Лида же вообще поразила его. Не стесняясь присутствующих, она села с ним рядом, положила руку ему на плечо и пела, казалось, только ему одному...

10

Полина Герасимовна, по обыкновению, плела коврик. Лиды, сказала, еще нет, но должна скоро прийти, — «проходи». И он прошел через кухоньку в комнату, повесил шинель, шапку, расправил перед зеркалом гимнастерку, причесался. Может даже, и полюбовался собой, всем происходящим: молодой и здоровый, сержант последнего года службы, в этой уютной, всегда приятной ему комнатке Лиды... Чего, собственно, ему еще надо и чего ему еще хотеть? И ни есть ли это как раз все то, чего он всю жизнь, может, тайно и хотел и ждал?.. И не решиться ли ему, не осмелиться ли — взять и сказать обо всем этом Лиде? А уж там — пусть как получится, это ее уже будет дело — решать. По крайней мере, все станет и ясно и определенно, и он больше не будет мучиться и гадать — что с Лидой? и как ему с нею быть? и что ему вообще делать в жизни дальше? Все может решиться одним разговором, одним ее словом, а дальше... дальше они всегда уже будут вместе решать. И с этим, наверно, и кончится его давний глубинный голод, и его тайное одиночество, и его (при всей его и активности, и общительности, и веселости) — его какая-то отстраненность ото всех. Отстраненность и давний глубинный голод, которых ему ни разу еще не удавалось никогда утолить...

Разумеется, если только, конечно, он осмелится сказать это Лиде; если будет уверен, что он действительно может ей все это сказать...

Странным и непонятным виделось это ему и самому, но он все еще оставался каким-то внутренне скованным с Лидой, внутренне напряженным, неуверенным, робким. И то ли эта скованность и напряженность передавались ему от Лиды, то ли наоборот, исходили они от него? «С Женей мне было проще», — сказала ему как-то она.

Впрочем, он и сам знал за собой эту плохую черту своего характера — часто усложнять в жизни все; но и всегда не мог ничего с собой сделать. Потому что и сама усложненность исходила как естественное из его самых-самых глубин, и ему часто только и оставалось, что тайно мучиться этим.

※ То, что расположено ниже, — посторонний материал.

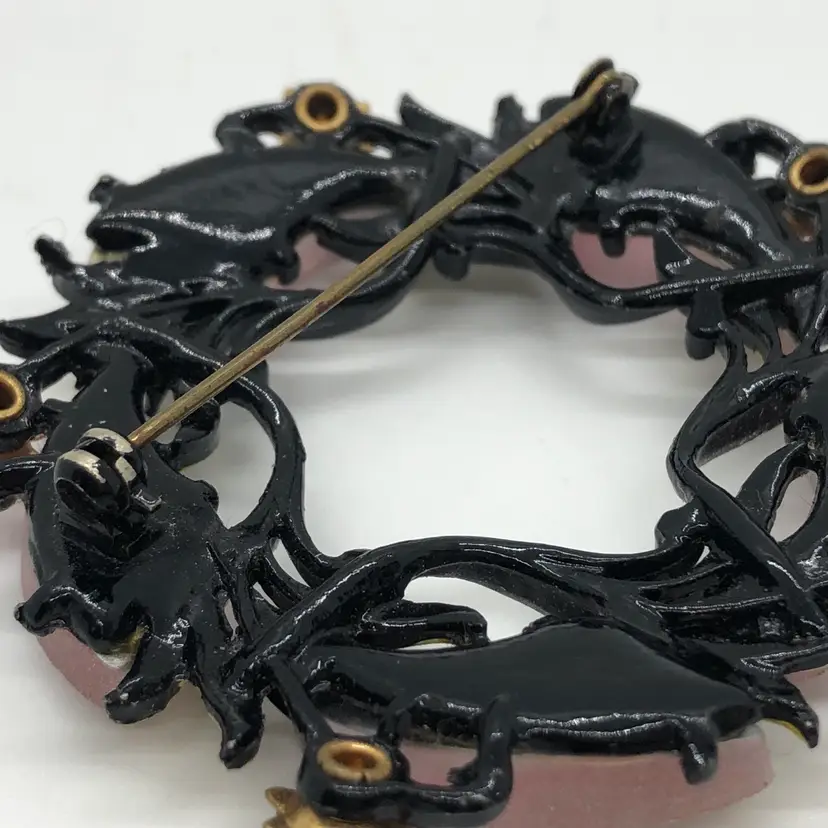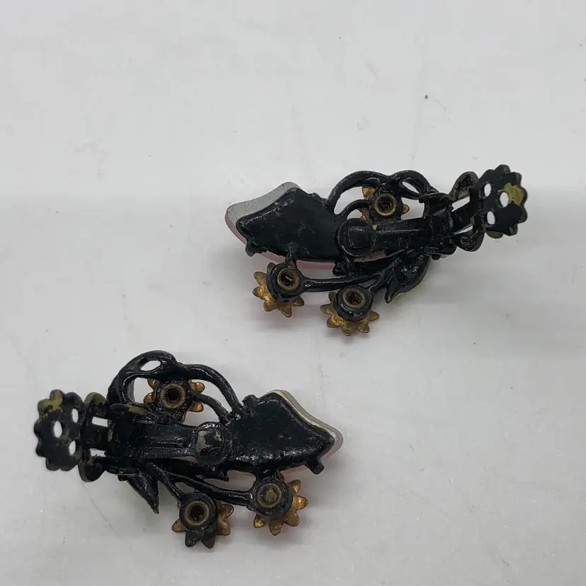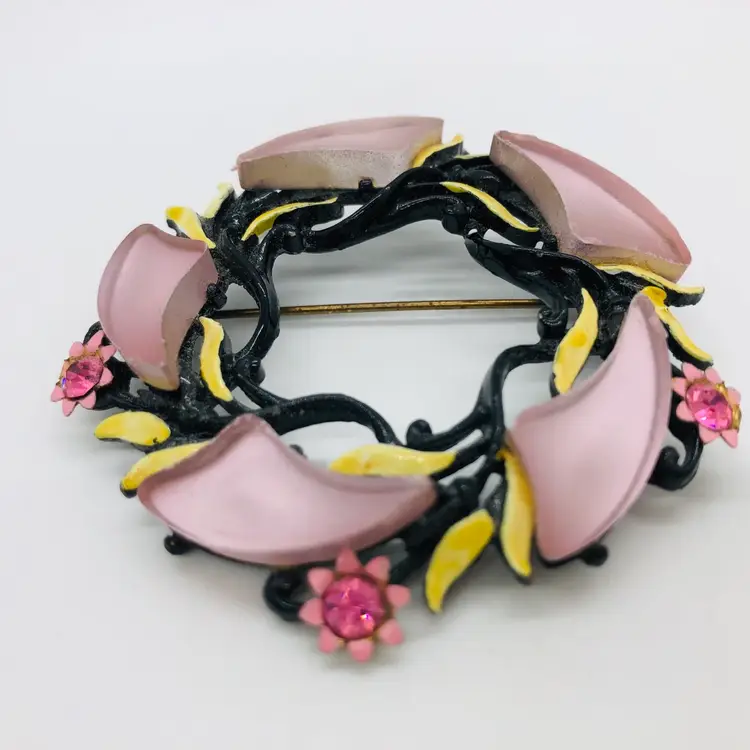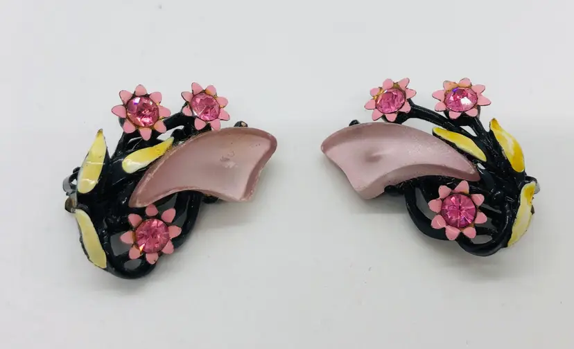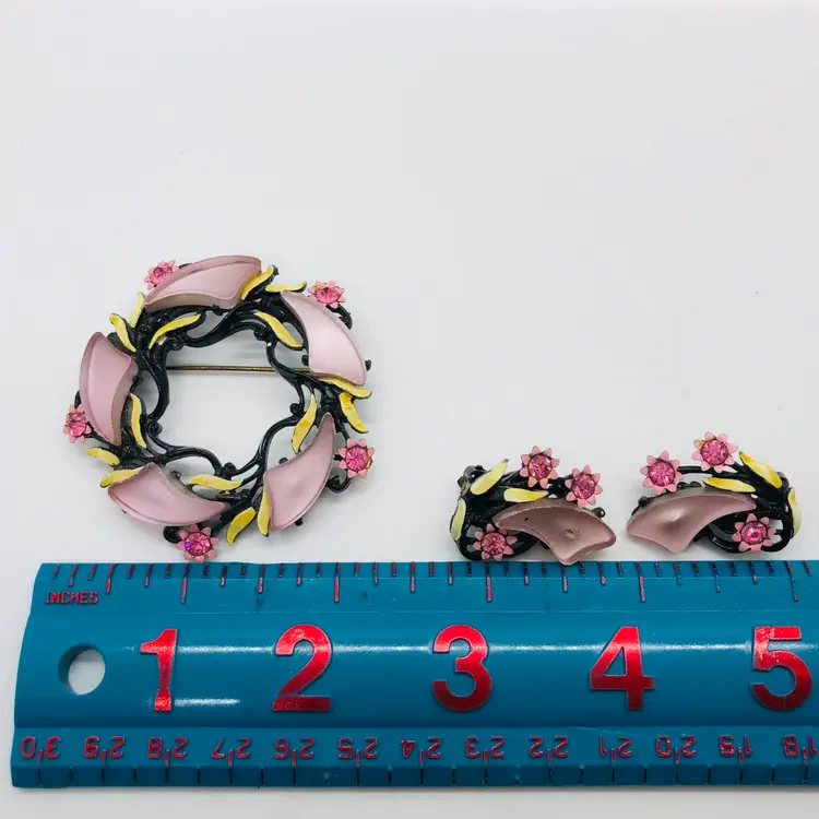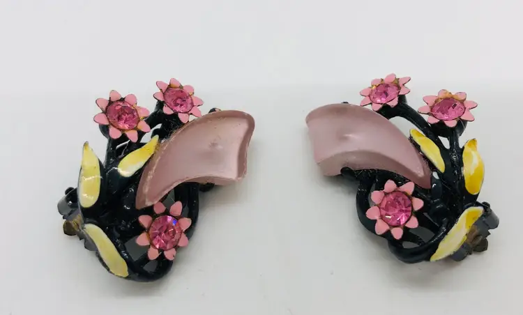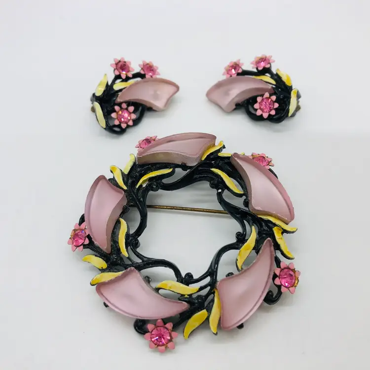 This Beautiful Brooch and Earring set is full of color. Set on a black enamel background are pink Rhinestone flowers and yellow leaves. It comes with clip on matching earrings. All in great working order. There is very slight black enamel loss due to natural age. Please check photos. Thank you.

И было это с ним еще и в детстве, и в школе, и в училище, и на целине, и теперь в этом вот городе в армии: часто на тех же их вечеринках, танцах или вечерах, в своих молодежных компаниях он вдруг ощущал почти физически больную свою отторгнутость от всеобщего веселья и, молча страдая, что некому ни угадать и ни разделить с ним этого его состояния — и ни вывести его из этой его отторгнутости и одиночества, часто уже и сам сознательно еще более и более отторгался и уходил в себя. И может, отсюда где-то и начинались и его скованность, и его напряженность, и его неумение быть порою таким же, «как все».

Лиде, например, нравились его волосы — мягкие, русые, немного волнистые. В хорошие минуты она иногда перебирала их в своих пальцах и восхищалась — до чего ж они мягкие! А один раз взяла расческу и сделала ему прическу на свой вкус. «С твоими волосами, — сказала, — шикарный кок можно сделать». И прозвучало это, он услышал, у нее, как и некий упрек, что не умеет он (и дело не в армии) — не умеет быть модным. И он ничего и не стал возражать ей на этот ее явный упрек, потому что и сам знал, что это правда. Чтоб носить тот же кок, с какими ходили тогда все городские пижоны (и коих они, военные, естественно, презирали), и вообще быть раскованным, модным, ему надо было родиться и вырасти каким-то совсем иным.